Бьярки, проводив хмурым взором удаляющегося Стойгнева, разом поник. Плечи его опустились, словно на них навалилась непомерная тяжесть, и в полной тишине, не встречая ничей взгляд, юноша скрылся в хоромах.

Когда все разошлись, Судимир повернулся к Гнеде, которую бережно поддерживали две чернавки. От его воодушевлённости не осталось ни следа. Он выглядел измождённым и вмиг постаревшим.

— Слуги позаботятся о тебе. А потом нас ждёт обстоятельная беседа.

***

Рана оказалась лёгкой, но из-за волнений Гнеда ослабла и потеряла довольно много крови. Боярин даже прислал к девушке лекаря, и тот, тщательно осмотрев и омыв язву, наложил остро пахнущую мазь и замотал предплечье чистой повязкой, повелев лежать.

Служанки переодели девушку в простую небелёную сорочку. Гнеда заметила большие от страха глаза чернавок, снимавших с неё пропитанную кровью рубаху, и облегчение, когда они воочию убедились, что их подопечная оказалась всё-таки не парнем.

Девушки накрыли её одеялом и удалились, и Гнеда пробовала заснуть, но, взбудораженная чужими запахами и прислушиваясь к окружающим звукам, лишь болталась на границе неспокойной дремоты. Трудно сказать, сколько прошло времени, когда дверь в её горенку тихонько отворилась и на пороге возник Судимир.

— Лежи, — негромко сказал он Гнеде, которая испуганно дёрнулась, порываясь привстать. — Ты в моём доме. Тебя здесь никто не тронет.

Боярин сел на приставную скамью подле постели и некоторое время молча рассматривал лицо Гнеды, так что ей захотелось накрыться с головой, только бы спрятаться от пристального взгляда. Но вот Судимир удовлетворённо улыбнулся, словно убедившись в чём-то, и его глаза потеплели. Он покосился на её повязку.

— Бьярки укусил тебя, — сказал боярин с усмешкой. — Он не хотел. Он думал только проучить.

Гнеда нахмурилась.

— Мой сын, — пояснил Судимир, а его глаза снова залучились. — Ты, кажется, знакома с северным наречием?

Гнеда медленно кивнула, отчаянно сожалея о том, что позволила боярину это проведать.

— Моя семья происходит с Севера, — продолжал Судимир, — а далёкий предок, первый, осевший на залесской земле, носил имя Бьёрн.

— Медвежонок, — слабо усмехнувшись, промолвила Гнеда, только теперь вдруг понимая смысл прозвища.

— Да, — засмеялся Судимир, потирая колени. — Медвежонок Бьярки.

Гнеда подумала, что трудно было представить более неподходящее имя. Бьярки скорее напоминал хищную пронырливую ласку, чем неуклюжего косолапого детёныша.

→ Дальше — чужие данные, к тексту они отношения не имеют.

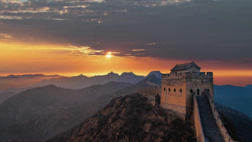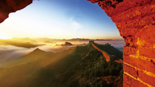 跨峻嶺,穿荒原,橫瀚海,經(jīng)絕壁,縱橫十萬(wàn)里。望不斷長(zhǎng)龍烽垛,雄關(guān)隘口,猶如玉帶明珠,點(diǎn)綴成江山錦繡。起伏奔騰,飛舞盤(pán)旋,長(zhǎng)城就是中國(guó)人給這個(gè)世界增添的偉大奇跡。
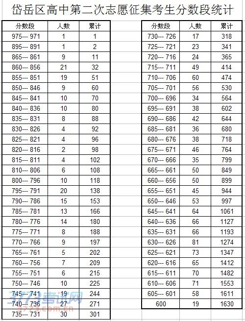 [图文]2014泰安岱岳区高中第二次志愿征集考生分数段统计
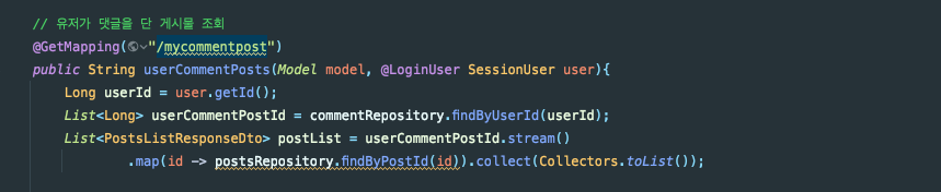 먼저 유저의 아이디를 가지고 유저가 남긴 Comment들을 distinct하게 추출해서 userCommentPostId 리스트에 담았습니다.
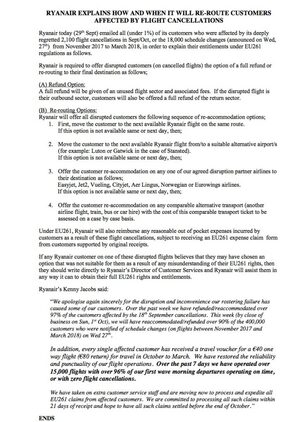 Notice on Ryanair’s website this evening
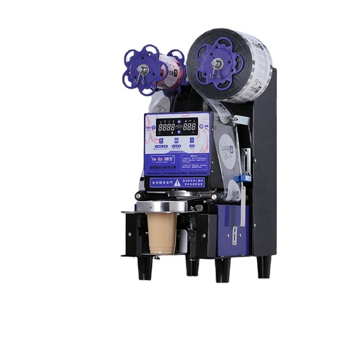 เครื่องซีลกระป๋องไฟฟ้าระบบอัตโนมัติเครื่องทำกระดาษสภาพใหม่สำหรับชาบับเบิ้ลชานมสำหรับร้านขายเครื่องดื่ม
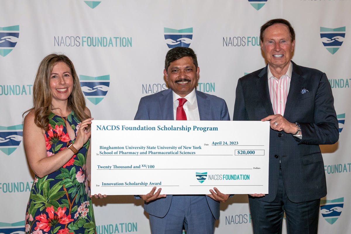 NACDS Foundation Chairman of the Board Steven Anderson (left) and NACDS Foundation President Sara Roszak (right) present an innovation-focused award to the Binghamton University State University of New York School of Pharmacy and Pharmaceutical Sciences. Dean Kanneboyina Nagaraju (middle) accepted the award at the NACDS Foundation event on April 24.

— Я решила, что ты тоже свенн, господин.

— Что ж, во мне достаточно свеннской крови, — согласился боярин. — Я часто бываю на Севере, да и не скрываю своей приязни к ним. Веду дела с тамошними гостями, и далеко не всем это по нраву. В последнее время северян не особо-то жалуют, пытаются рассорить с залесцами. Я должен был быть осторожнее. Впредь будет мне наука. Когда я говорил, что если бы не ты, то мне несдобровать, я ведь не преувеличил. Я пред тобой в долгу, Гнеда.

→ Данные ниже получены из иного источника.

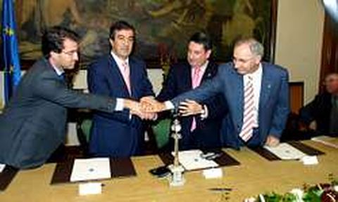 02 feb 2004 . Actualizado a las 06:00 h.«Alabado sea Dios», pero en latín. Ese fue el guiño de Francisco Vázquez a la Historia de A Coruña, dos iniciales con las que remató veinte líneas de declaración institucional en el libro de oro de la ciudad. Allí, desapercibidas, aparecieron las letras LD que decían mucho más que todo el párrafo anterior: Laus Deo. Bajo la inscripción firmó también un ministro al que ayer lo compararon con Linares Rivas. Francisco Álvarez Cascos cruzó María Pita en coche oficial a las once menos cuarto de la mañana, y tras firmar junto a Vázquez se encerró diez minutos. Una llamada urgente, se decía en el palacio municipal. El ministro y el alcalde, los dos de raya diplomática y corbata rosa, fraguaron luego entre churros Bonilla la firma más importante que se ha estampado en A Coruña en la última década. Y una vez estampado el convenio, Vázquez puso a Cascos a la altura de Linares Rivas. Por eso, detalló un miembro del gobierno municipal, le regaló un obelisco de plata con cuatro relojes de mecanismo impecable: «El Obelisco de Los Cantones se erigió en homenaje a Linares Rivas por traer el ferrocarril a La Coruña y Álvarez Cascos nos ha traído el puerto exterior», explicó. Los presentes (en ese momento los periodistas acampaban en otro salón del consistorio), juraron que Vázquez soltó una lágrima. «Se cumple un sueño que yo pensé que se iba a quedar en eso, en un sueño», dijo el alcalde. No hubo tiempo para más. Su gemelo de raya diplomática cogió un avión y dejó la ciudad de los obeliscos.
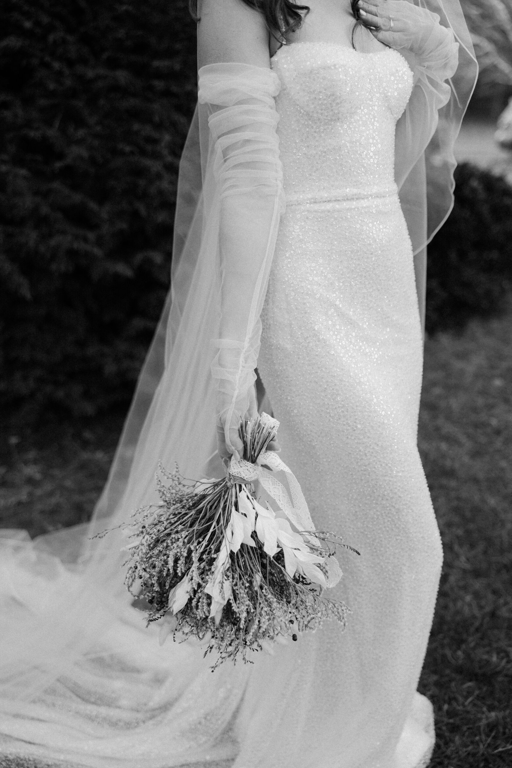 ‘Lola’ by Made With Love took her breath away. She loves the way it shaped her body perfectly and almost “sparkled like the snow”. So Alexis traded in her dream of sleeves for the Made With Love tulle gloves.
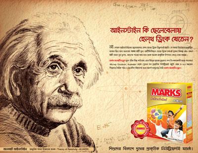 আধুনিক পদার্থবিজ্ঞানের জনক অ্যালবার্ট আইনস্টাইনের নাম ও ছবি নিয়ে আধুনিক প্রতারণায় নেমেছে দেশের অন্যতম শীর্ষস্থানীয় ব্যবসা প্রতিষ্ঠান আবুল খায়ের গ্রুপ। আইনস্টাইনের ছবি ব্যবহার করে প্রতিষ্ঠানটি ‘মার্কস অ্যাকটিভ স্কুল’ গুড়ো দুধের বিজ্ঞাপন তৈরি করে ব্যাপক প্রচার চালাচ্ছে। বিজ্ঞাপনটিতে বলা হচ্ছে, আইনস্টাইনের ছেলেবেলায় হেলথ ড্রিংক উদ্ভাবনই হয়নি। সে সময় নির্ভেজাল প্রাকৃতিক খাবার ছিল; এসবের একটিহচ্ছে গরুর খাঁটি দুধ। কৃত্রিম বা আর্টিফিসিয়াল হেলথ ড্রিংকস কখনই দুধের বিকল্প নয়।
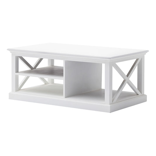 47" White Solid Wood And Solid And Manufactured Wood Coffee Table With Three Shelves
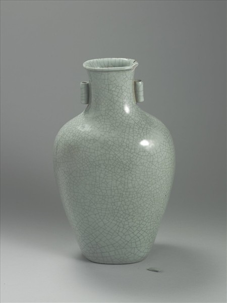 微侈口,短頸,雙貫耳,斜肩,橢圓腹,凹足。全器施仿哥青釉,釉面上有淺褐色開片裂紋。足緣呈褐色。底有模印陽文「大清乾隆年製」三行篆書款。
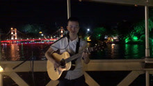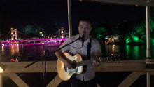 在桂林两江四湖桥上卖唱,这首粤语经典,听着有感觉
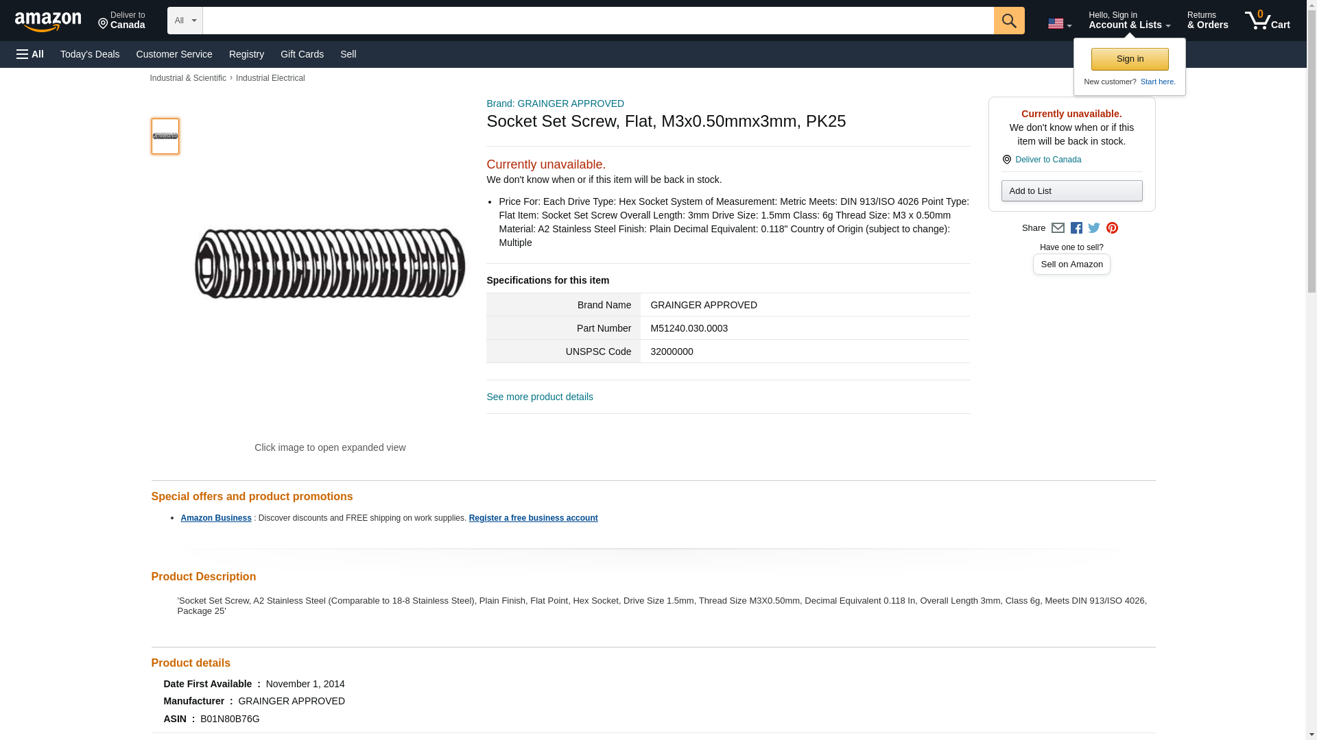 | Feature | Price For: Each Drive Type: Hex Socket System of Measurement: Metric Meets: DIN 913/ISO 4026 Point Type: Flat Item: Socket Set Screw Overall Length: 3mm Drive Size: 1.5mm Class: 6g Thread Size: M3 x 0.50mm Material: A2 Stainless Steel Finish: Plain Decimal Equivalent: 0.118" Country of Origin (subject to change): Multiple |

— Спасибо тебе, господин, на ласковом слове. В расплате мы. Если б не ты, княжич бы меня не пожалел. Дай только до завтра у тебя переночевать, и поутру уйду, не побеспокою больше.

— Экая ты норовистая! — снова засмеялся Судимир. — Куда же ты пойдёшь?

Гнеда нахмурилась, прикусив губу. Теперь наверняка весь Стародуб судачит о произошедшем. Кто примет её после такого?

Боярин, заметив смущение девушки, сжал её здоровую руку.

— Вот что. Княжич бы тебя не погладил по голове, но и с плеч её снимать бы не стал. Я тебя от срама разве что избавил, а ты меня от верной гибели. Я сказал, что беру тебя под опеку, и не шутил. Моё слово крепкое. Оставайся в моём доме.

Гнеда удивлённо перевела взор с их соприкасающихся рук на лицо боярина. Тут же вспомнила Жука, да и всех прочих, особенно Бьярки и его глаза, полные ненависти. Мурашки пробежали по коже, хотя под шерстяным одеялом было тепло и уютно.

— Как же я останусь, после такого-то?

— Глядишь, не съедят тебя, — усмехнулся он.

Девушка с сомнением смотрела на боярина, не доверяя его расположению, пытаясь найти истинную подоплёку такой щедрости. С другой стороны, она и вправду помогла Судимиру.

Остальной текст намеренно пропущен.